Matt Luff (born May 5, 1997) is a Canadian professional ice hockey winger for the Grand Rapids Griffins of the American Hockey League (AHL) while under contract to the Detroit Red Wings of the National Hockey League (NHL).

Playing career
Coming off a successful season with the Oakville Rangers Midget AAA, Luff split his time between the Rangers and the Oakville Blades of the Ontario Junior Hockey League for the 2013–14 season. On June 9, 2014, Luff signed a contract with the Blades for the 2014–15 season, however he chose to commit to the Belleville Bulls of the Ontario Hockey League who had drafted him in the OHL Draft. In his rookie year with the Bulls, Luff was named a finalist for the Rookie of the Year, with the award eventually going to Alex DeBrincat. Following the 2014–15 season, the Bulls were renamed the Hamilton Bulldogs.

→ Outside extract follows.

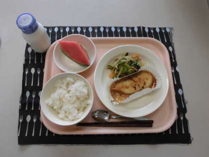 ごはん・牛乳・魚のみそマヨネーズ焼き・糸寒天と野菜のあえもの・果物(小玉スイカ)

After going undrafted in the NHL Entry Draft, Luff attended the Los Angeles Kings development and training camp as a free agent. He eventually signed a three-year entry level contract with the Kings on September 23, 2016, becoming the first Bulldog to sign an NHL contract. Luff returned to the OHL for the 2016–17 season where he played only 45 games due to a shoulder injury and concussion. Despite his shortened season, Luff was reassigned to the Kings American Hockey League (AHL) affiliate, the Ontario Reign on  April 7, 2017.

Luff began the 2018–19 season with the Ontario Reign after being assigned there from the Kings training camp. Luff was recalled to the NHL on November 3, 2018, and he made his NHL debut that night against the Columbus Blue Jackets. Luff played 9:43 in his debut to help the Kings win 4–1 over the Blue Jackets. After playing in three games, Luff was reassigned to the Ontario Reign on November 11 only to be recalled three days later on November 14. Luff recorded his first career NHL goal in a 2–0 win over the St. Louis Blues on November 19. On November 25, in a 5–2 win over the Edmonton Oilers, Luff recorded his fourth goal in the same number of games, becoming the fifth Kings rookie to do so since Jimmy Carson in 1987. His streak ended the following game against the Vancouver Canucks.

After appearing in 30 games for the Kings, and recording 10 points, Luff was reassigned to the Ontario Reign on February 8, 2019.

Luff played for five years within the Los Angeles Kings organization before leaving as a free agent following the  season. He was signed to a one-year, two-way contract with the Nashville Predators on July 28, 2021.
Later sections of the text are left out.